Comparison of the fluid requirements necessary for the optimization of the patient. The question is not to compare the administration of colloids versus crystalloids, but to compare crystalloids without or with a certain amount of colloids
In the context of perioperative GDFT, there are very few clinical data evaluating the influence of the type of intravenous fluid used on outcome. Not surprisingly, there are currently no recommendations as to the type of fluid (crystalloids or colloids) that should be used to optimize a patient’s intravascular blood volume in the perioperative setting. It is interesting to note that 85% of the GDFT studies published in the literature used a colloid solution to optimize the patient’s stroke volume and cardiac output [53]. Most of these studies demonstrated a benefit in favor of the GDFT group versus the control group, which should encourage our academic community to continue examining the potential benefits of colloid use moving forward.
Question 4: is there a place for hydroxyethyl starch solutions?
YES.
Albumin is the most frequently used colloid solution and is considered to be the colloid solution of choice. The main limitations to its use are cost and availability, which have led to the development of synthetic colloid solutions as alternatives. Among synthetic colloid, starches are by far the most studied solutions.
HES solutions are plant-based (corn or potato) colloid solutions derived from the enzymatic hydrolysis of starch. Their properties are defined by molecular weight, degree of substitution, C2/C6 ratio and concentration. They are available as either 0.9% saline or balanced crystalloid solutions. The most recent (third) generation of HES solutions has a lower molecular weight, which maintains oncotic effects while simultaneously decreasing adverse events (i.e., hemostatic alterations, renal failure, and pruritus). The maximum daily recommended dose is 30 ml/kg.

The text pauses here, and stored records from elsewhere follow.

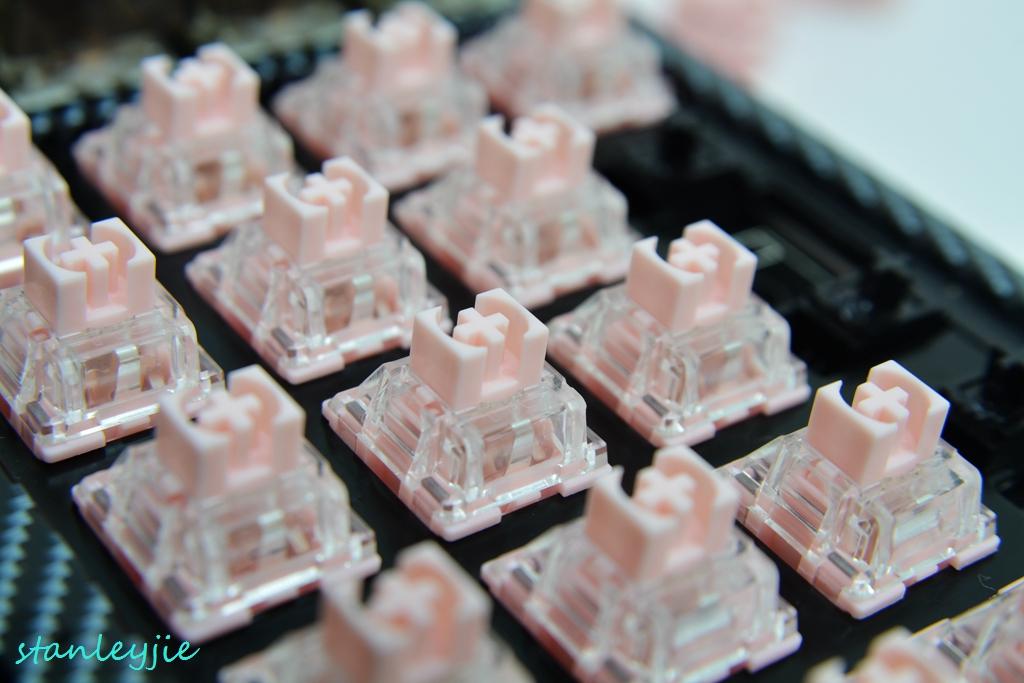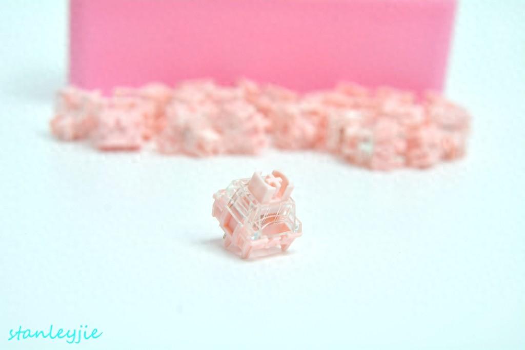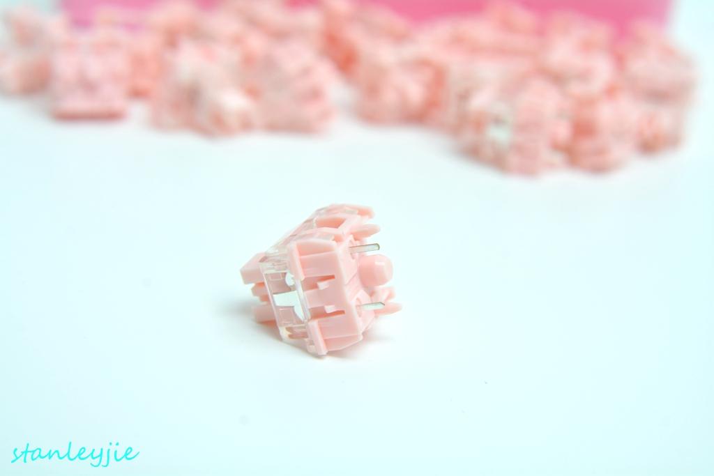 ▲轴体颜色基本全粉,论粉嫩少女心的程度可以在TTC自有轴体里排前三。粉色的十字轴芯,带有防尘壁,扩大了粉色的面积。
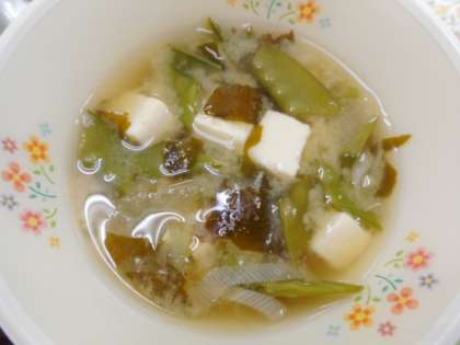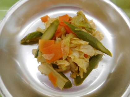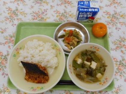 27日の給食はごはん、鯖の味噌焼き、グリーンアスパラの炒め物、みそ汁、果物(冷凍みかん)、牛乳です。
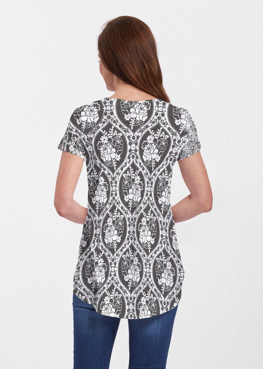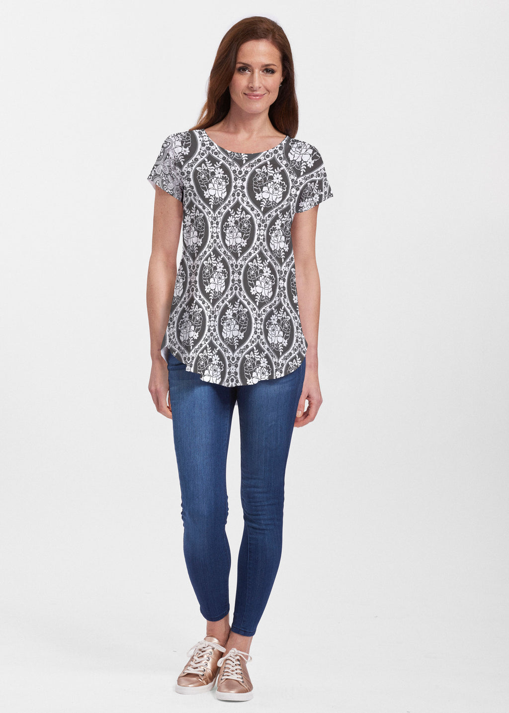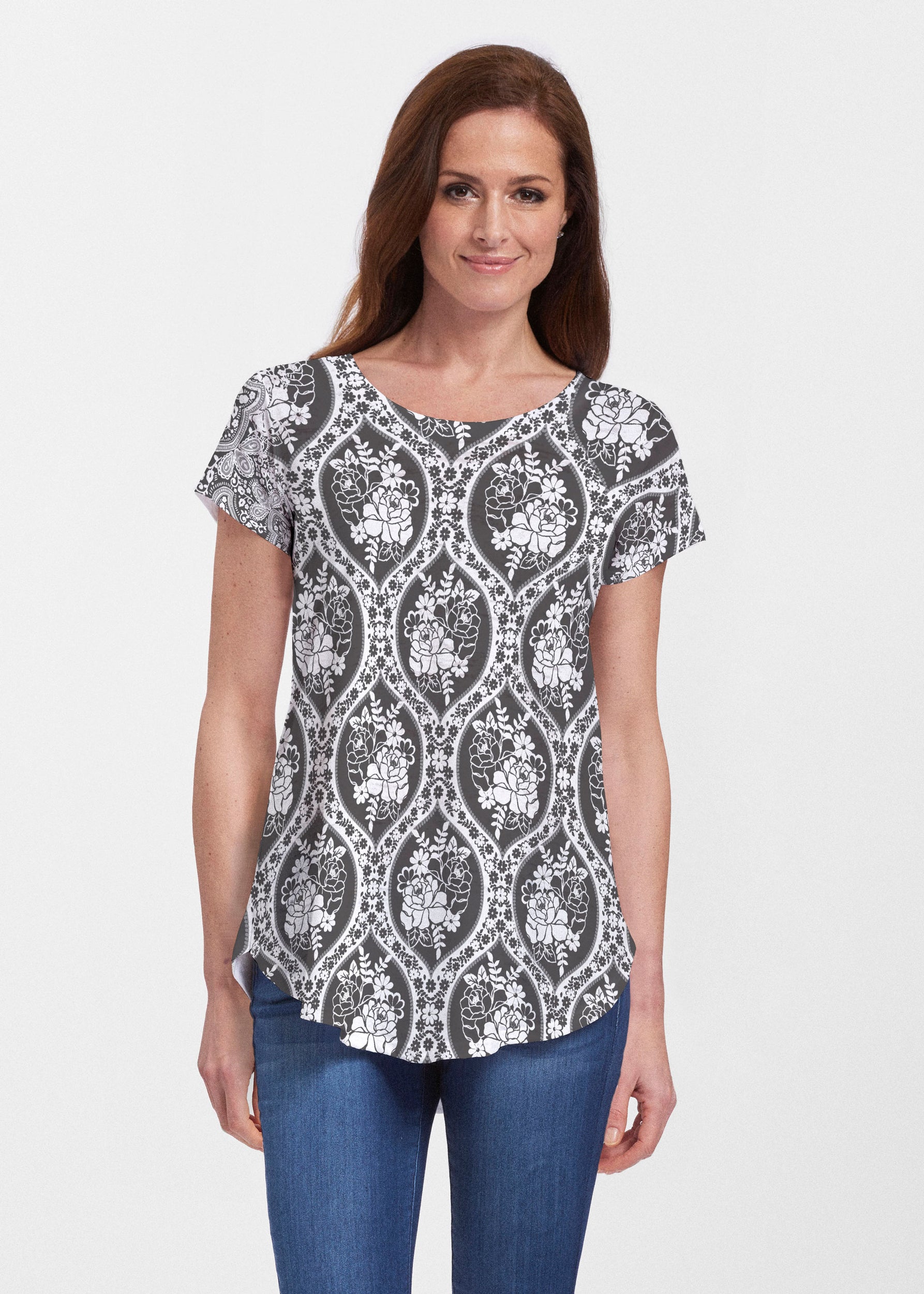 An effortlessly flattering tunic in our soft Signature burnout fabric featuring short sleeves and a scoop neck with a body that flows into a full, swinging shirttail hem.
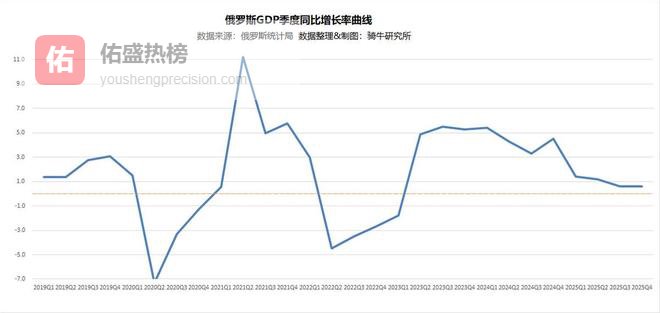 但越来越多的迹象显示,战时经济中资源越来越多地投入军事部门,严重扭曲了经济结构,经济衰退的压力逐渐加剧。俄罗斯不仅恶性通胀持续、利率高企,债务攀升,赤字严重,自2025年开始,军事支出也难以刺激经济,经济增速大幅下滑,到2025年下半年,俄罗斯的经济增长已经滑落到0.6%左右。

There is considerable controversy regarding the benefits and risks associated with the use of HES solutions. This controversy has stemmed from large multicenter studies in critically ill patients, and more specifically septic patients, which have reported adverse effects of HES solutions on mortality and/or renal function [68,69,70]. These studies have prompted the European Medicine Agency to restrict its use in the perioperative context. Several meta-analyses showed no association between HES administration and worse outcome in surgical patients [71, 72], so these concerns likely do not apply to short term intraoperative fluid expansion. Additionally, most studies that have demonstrated a benefit of GDFT over standard of care in high-risk surgical patients have used HES solutions to optimize stroke volume or cardiac output [53].

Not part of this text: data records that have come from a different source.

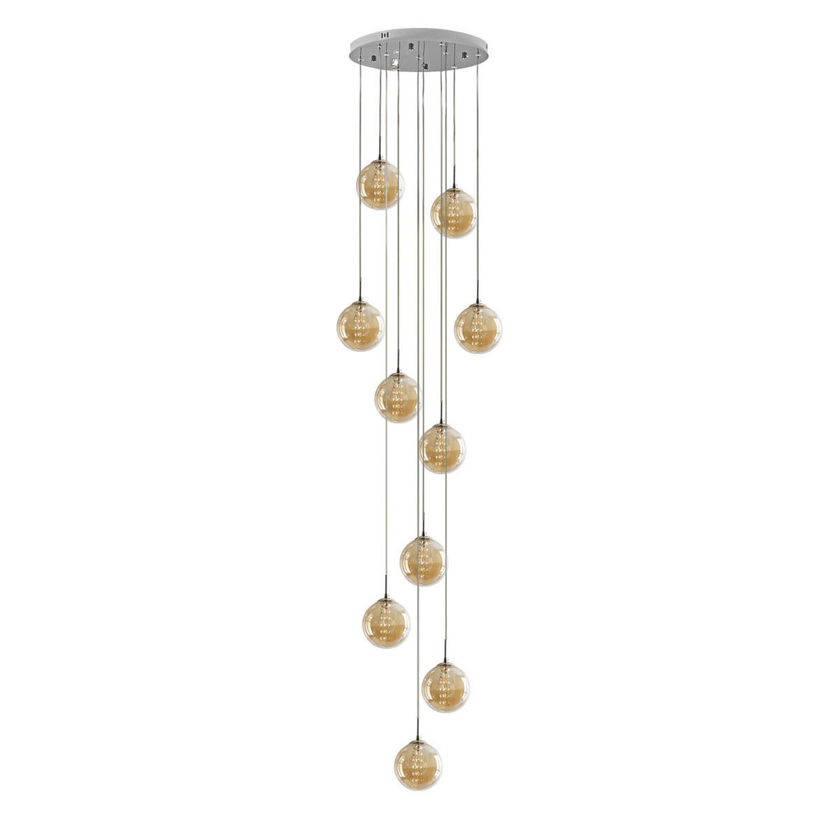 Produktabmessungen - Durchmesser ø15cm (jede Kugel in Farbe Bernstein), das Maß der Deckenlpatte: ø41*3.5cm, Spannung:230V, Kabellänge: 2M
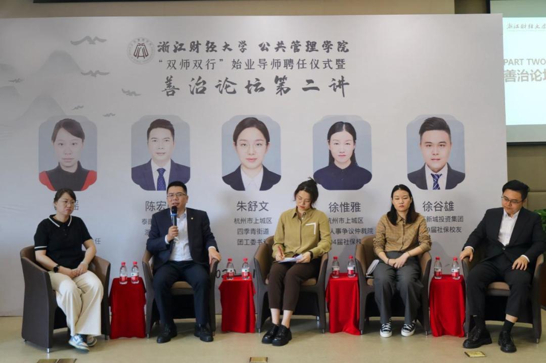 “双师双行”始业导师聘任仪式暨“善治论坛”第二讲活动在学院楼208报告厅举行。本次活动由劳动与社会保障系承办,2022级公共管理类学生参加。
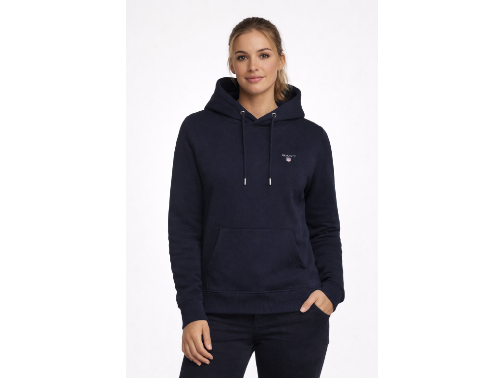 Tmavě modrá mikina s kapucí, s klokankou, vyšité logo.. Mikina je větší, berte o velikost menší, než jste zvyklý.
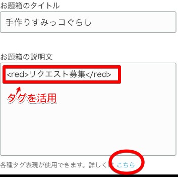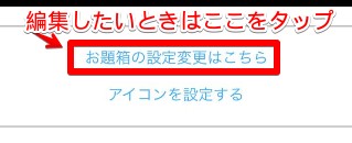 続いてお題箱のタイトルや概要を編集したい場合は、「お題箱の設定変更はこちら」をタップします。
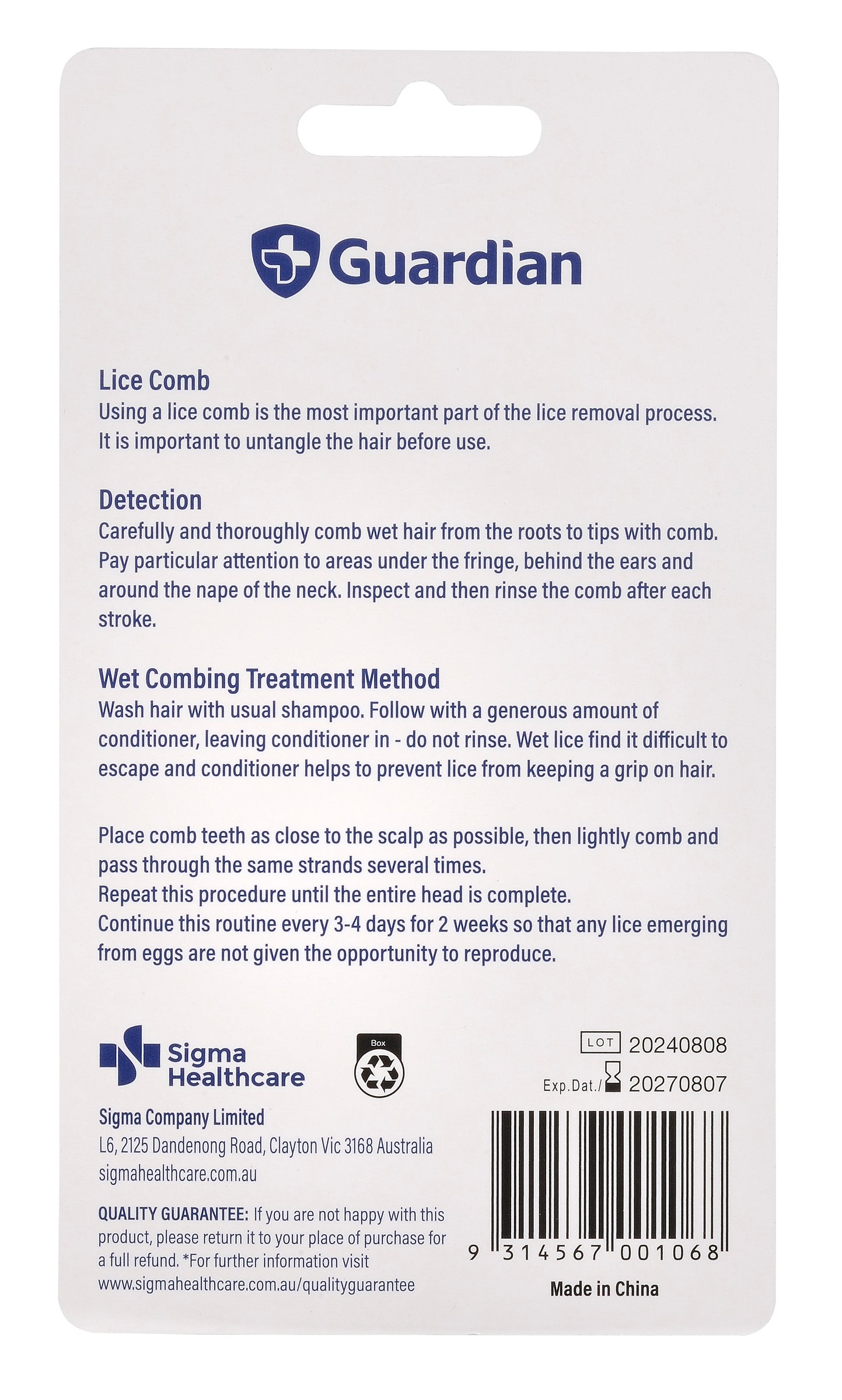 Using a Guardian Lice Comb is the most important part of the lice removal process.

One small single-center, single-blinded randomized trial compared 5% albumin solution to 6% HES 130/0.4 solution used as part of a GDFT protocol in patients undergoing elective cystectomy [73]. There was no significant difference between the two groups with respect to the primary outcome, i.e., kidney function and kidney injury assessed up to postoperative day 90. Of note, the incidence of pruritus, evaluated by a questionnaire, was significantly higher in the albumin group.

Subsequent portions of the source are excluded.